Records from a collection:
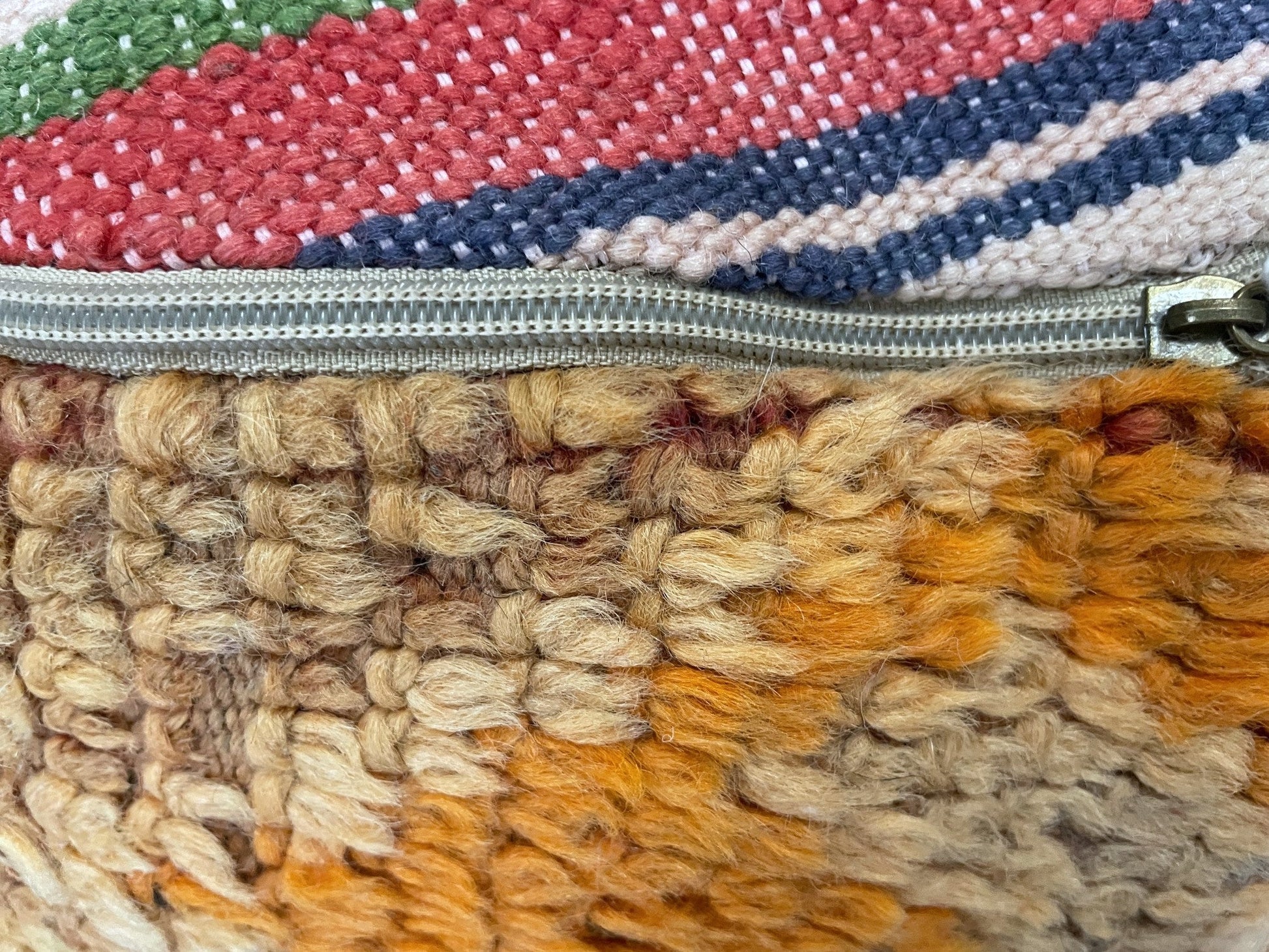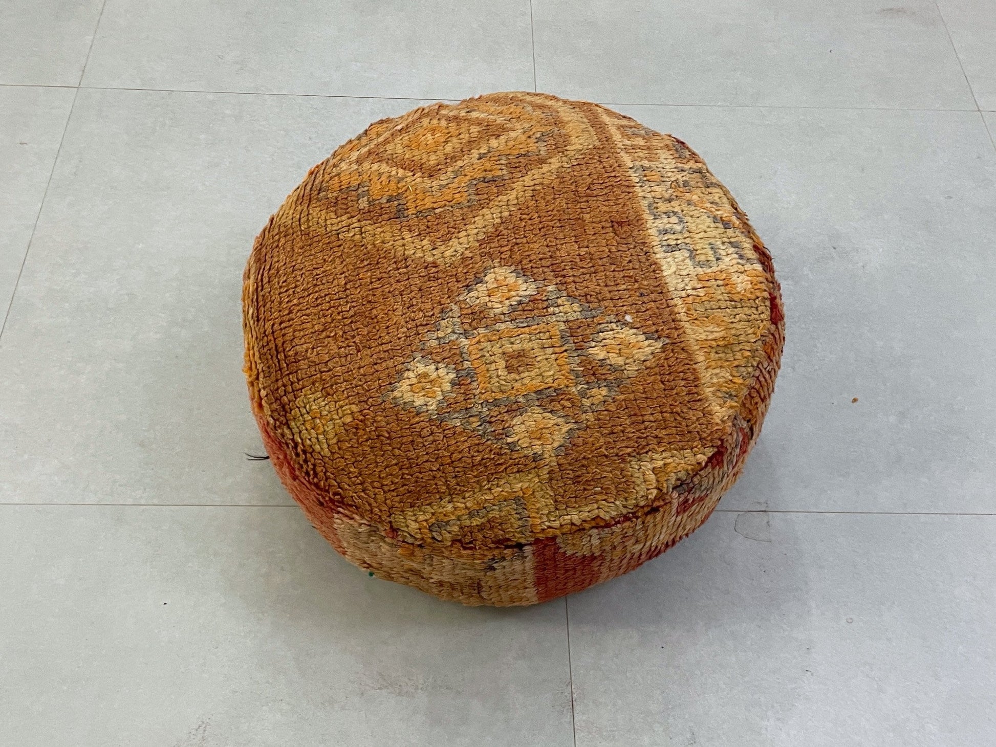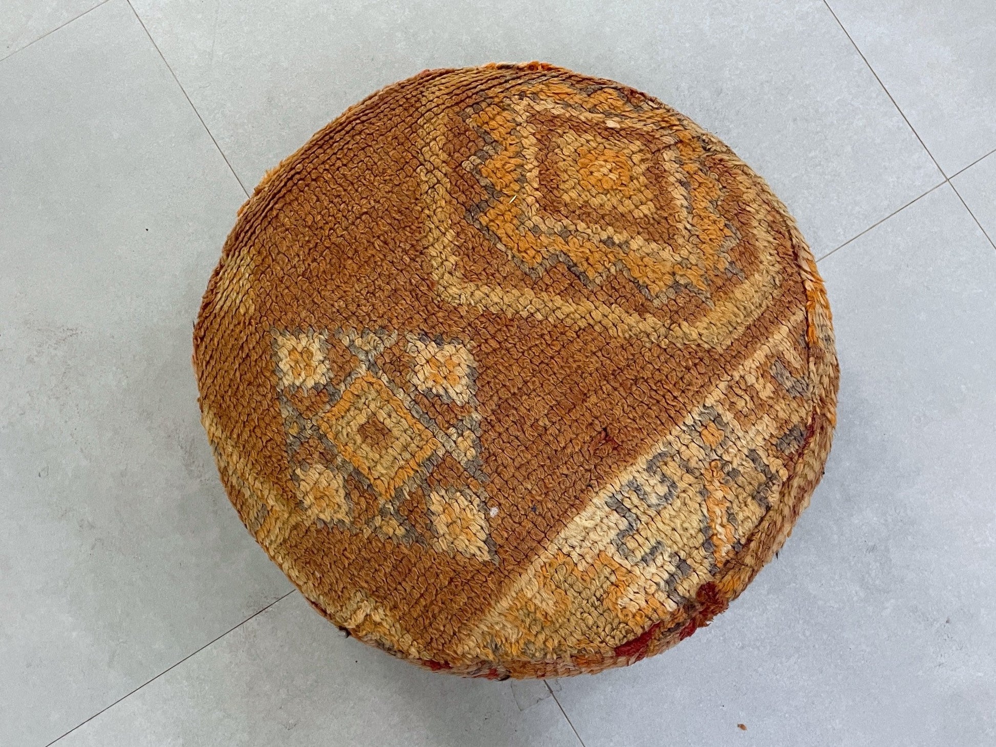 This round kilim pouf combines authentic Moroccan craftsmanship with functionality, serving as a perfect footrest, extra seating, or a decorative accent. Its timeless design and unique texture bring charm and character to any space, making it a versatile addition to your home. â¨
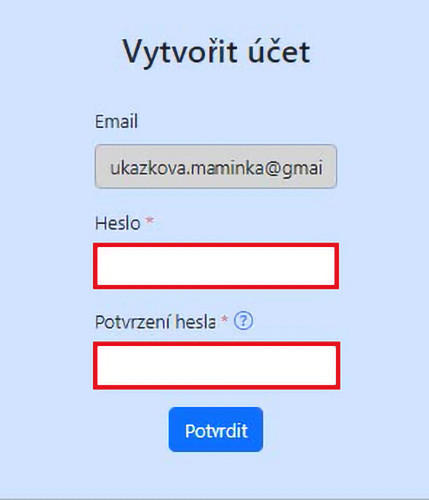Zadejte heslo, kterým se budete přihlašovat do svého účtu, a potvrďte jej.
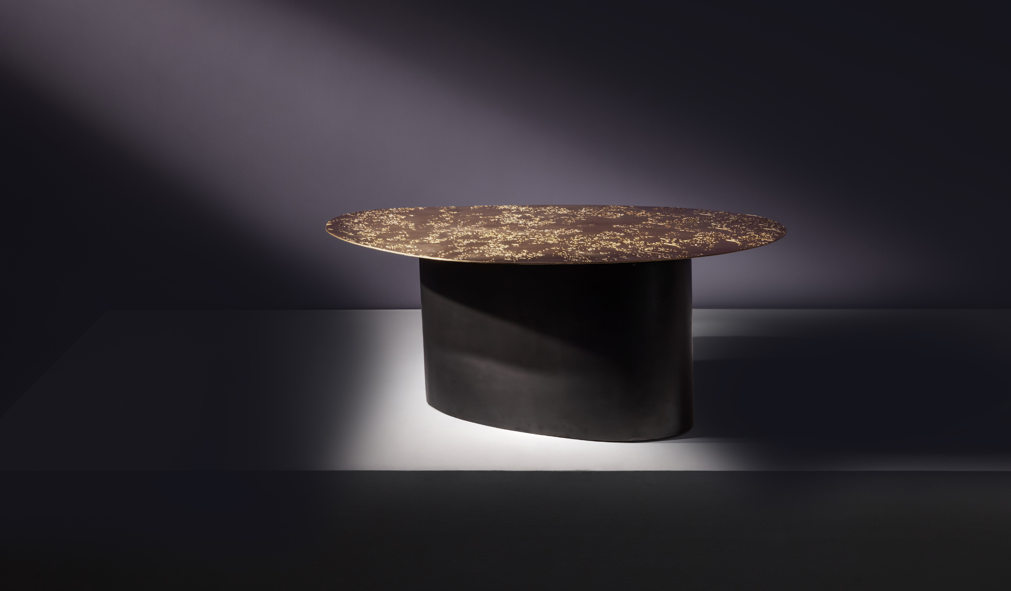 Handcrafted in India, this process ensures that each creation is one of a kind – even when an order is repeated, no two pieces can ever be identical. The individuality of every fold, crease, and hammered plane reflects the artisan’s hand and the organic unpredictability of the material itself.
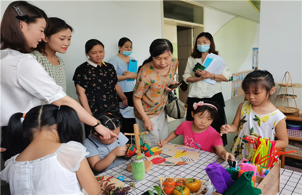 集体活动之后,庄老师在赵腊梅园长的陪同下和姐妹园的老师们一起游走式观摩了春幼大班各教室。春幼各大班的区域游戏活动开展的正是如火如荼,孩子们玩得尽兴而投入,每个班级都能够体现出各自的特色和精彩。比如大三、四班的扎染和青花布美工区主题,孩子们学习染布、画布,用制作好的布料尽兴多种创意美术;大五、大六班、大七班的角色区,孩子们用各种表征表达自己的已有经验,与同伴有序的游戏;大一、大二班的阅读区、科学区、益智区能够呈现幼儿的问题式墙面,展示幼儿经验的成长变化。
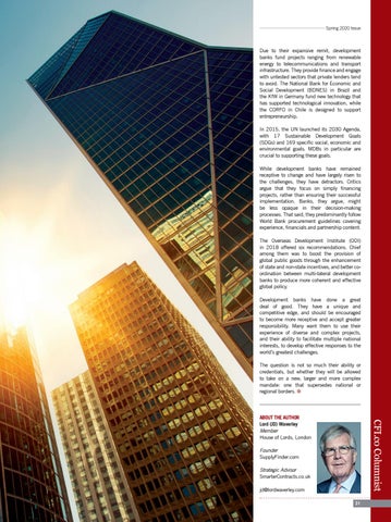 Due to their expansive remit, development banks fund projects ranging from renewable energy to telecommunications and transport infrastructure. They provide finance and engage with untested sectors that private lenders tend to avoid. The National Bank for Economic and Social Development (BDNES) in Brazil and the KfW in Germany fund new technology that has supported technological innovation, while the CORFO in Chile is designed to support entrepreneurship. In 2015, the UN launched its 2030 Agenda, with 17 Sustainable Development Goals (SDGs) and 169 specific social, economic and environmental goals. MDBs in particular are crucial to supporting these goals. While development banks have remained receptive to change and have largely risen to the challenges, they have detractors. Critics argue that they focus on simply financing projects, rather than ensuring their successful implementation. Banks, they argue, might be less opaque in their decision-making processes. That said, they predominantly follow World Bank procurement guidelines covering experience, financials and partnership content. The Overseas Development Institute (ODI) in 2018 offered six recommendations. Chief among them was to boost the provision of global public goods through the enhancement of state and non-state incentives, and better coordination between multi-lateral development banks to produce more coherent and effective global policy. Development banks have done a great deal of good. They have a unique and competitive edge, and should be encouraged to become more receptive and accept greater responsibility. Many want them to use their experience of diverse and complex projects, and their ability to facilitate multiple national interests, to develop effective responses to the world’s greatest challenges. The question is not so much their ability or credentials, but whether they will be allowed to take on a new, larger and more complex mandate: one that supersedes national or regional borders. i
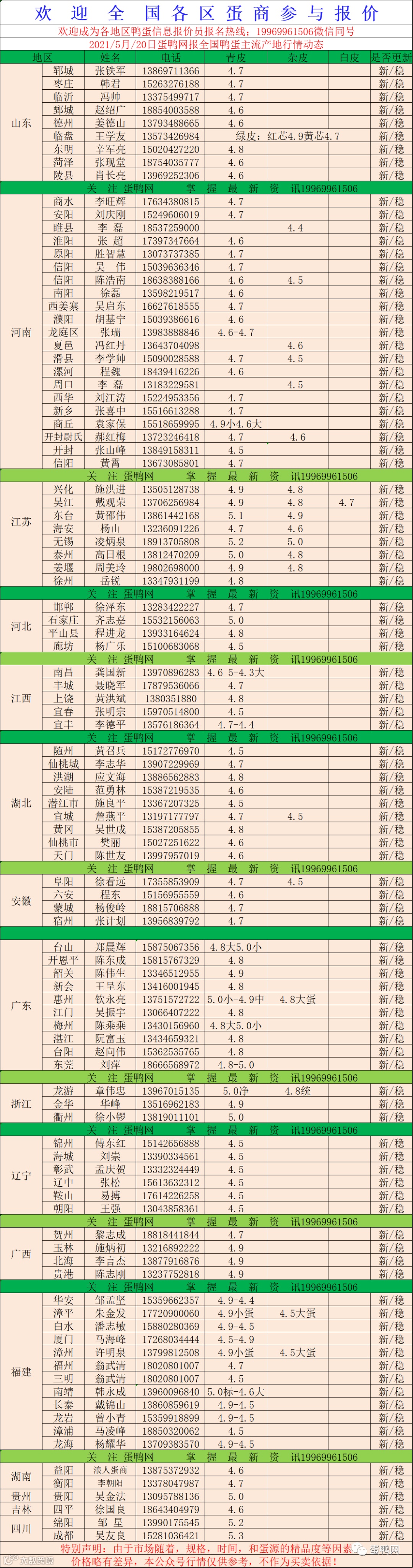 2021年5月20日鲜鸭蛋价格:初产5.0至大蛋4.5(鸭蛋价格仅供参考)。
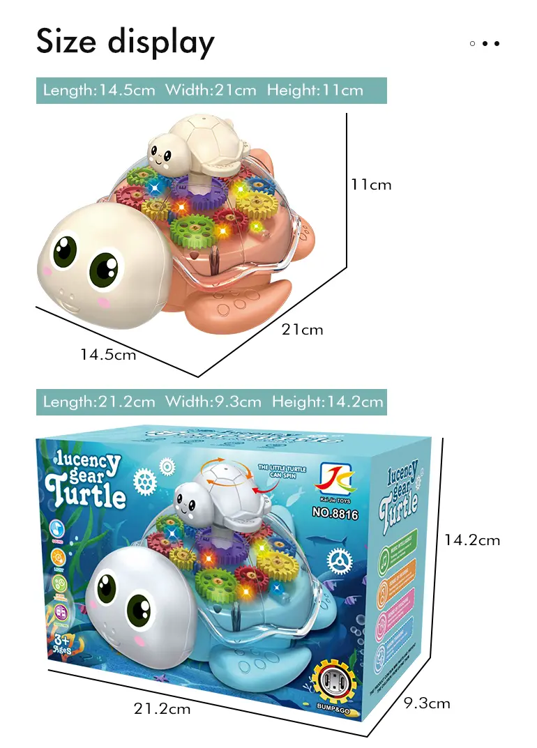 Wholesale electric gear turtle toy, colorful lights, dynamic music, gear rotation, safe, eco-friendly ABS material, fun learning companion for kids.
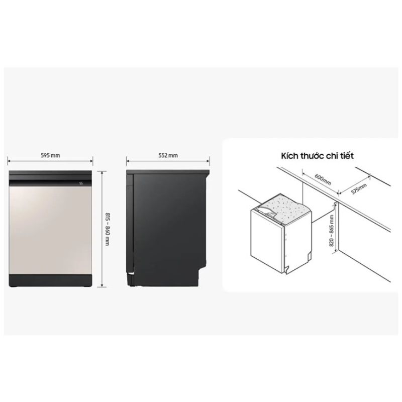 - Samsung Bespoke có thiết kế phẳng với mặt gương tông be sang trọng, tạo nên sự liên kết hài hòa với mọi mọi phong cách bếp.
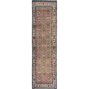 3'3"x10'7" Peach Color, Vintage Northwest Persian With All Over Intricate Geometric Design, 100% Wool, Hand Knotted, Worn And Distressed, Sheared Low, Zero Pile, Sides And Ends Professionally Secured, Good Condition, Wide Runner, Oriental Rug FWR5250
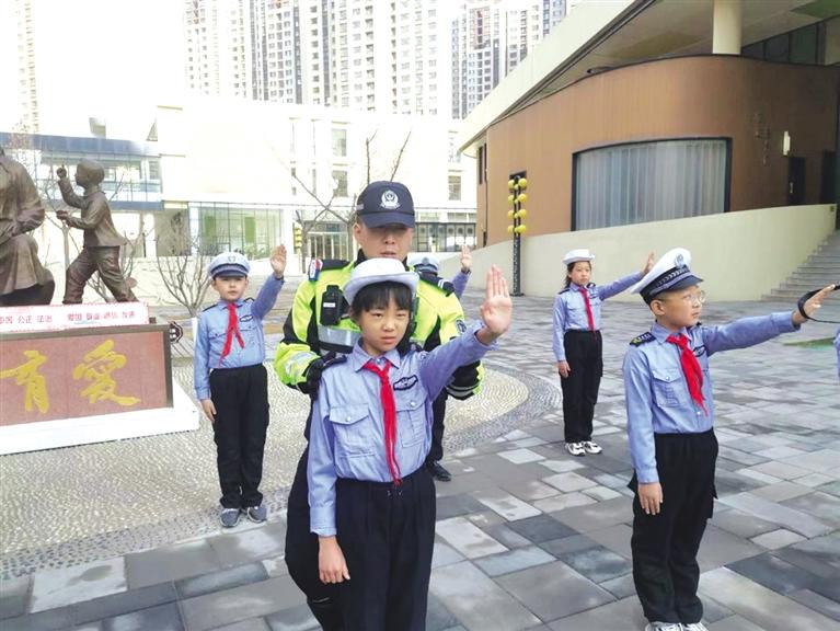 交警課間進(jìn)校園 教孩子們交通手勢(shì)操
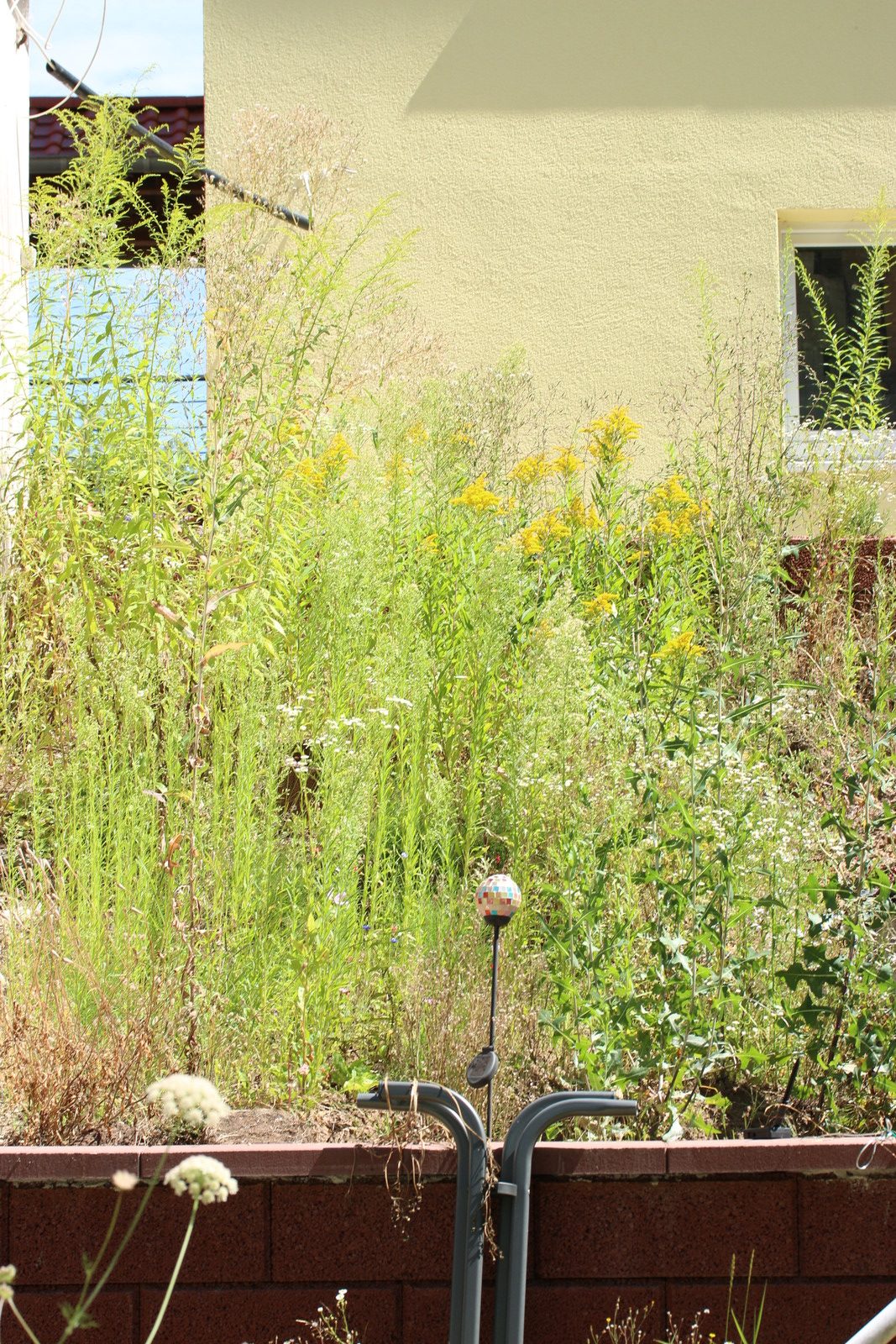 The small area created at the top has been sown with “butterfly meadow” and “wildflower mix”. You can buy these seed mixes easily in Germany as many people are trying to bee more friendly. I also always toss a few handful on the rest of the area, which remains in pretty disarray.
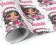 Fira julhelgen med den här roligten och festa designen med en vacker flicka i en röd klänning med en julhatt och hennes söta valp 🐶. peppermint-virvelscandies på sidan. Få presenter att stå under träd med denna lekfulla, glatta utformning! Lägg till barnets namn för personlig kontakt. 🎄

(EXERCISE OBJECTIVE)
Set down the lines from the one containing "- Samsung Bespoke" through the last line of the records above, both included, exactly as they appear and with no other text. Pictures should not be set down.

(PROBLEM SOLUTION)
 - Samsung Bespoke có thiết kế phẳng với mặt gương tông be sang trọng, tạo nên sự liên kết hài hòa với mọi mọi phong cách bếp.
 3'3"x10'7" Peach Color, Vintage Northwest Persian With All Over Intricate Geometric Design, 100% Wool, Hand Knotted, Worn And Distressed, Sheared Low, Zero Pile, Sides And Ends Professionally Secured, Good Condition, Wide Runner, Oriental Rug FWR5250
 交警課間進(jìn)校園 教孩子們交通手勢(shì)操
 The small area created at the top has been sown with “butterfly meadow” and “wildflower mix”. You can buy these seed mixes easily in Germany as many people are trying to bee more friendly. I also always toss a few handful on the rest of the area, which remains in pretty disarray.
 Fira julhelgen med den här roligten och festa designen med en vacker flicka i en röd klänning med en julhatt och hennes söta valp 🐶. peppermint-virvelscandies på sidan. Få presenter att stå under träd med denna lekfulla, glatta utformning! Lägg till barnets namn för personlig kontakt. 🎄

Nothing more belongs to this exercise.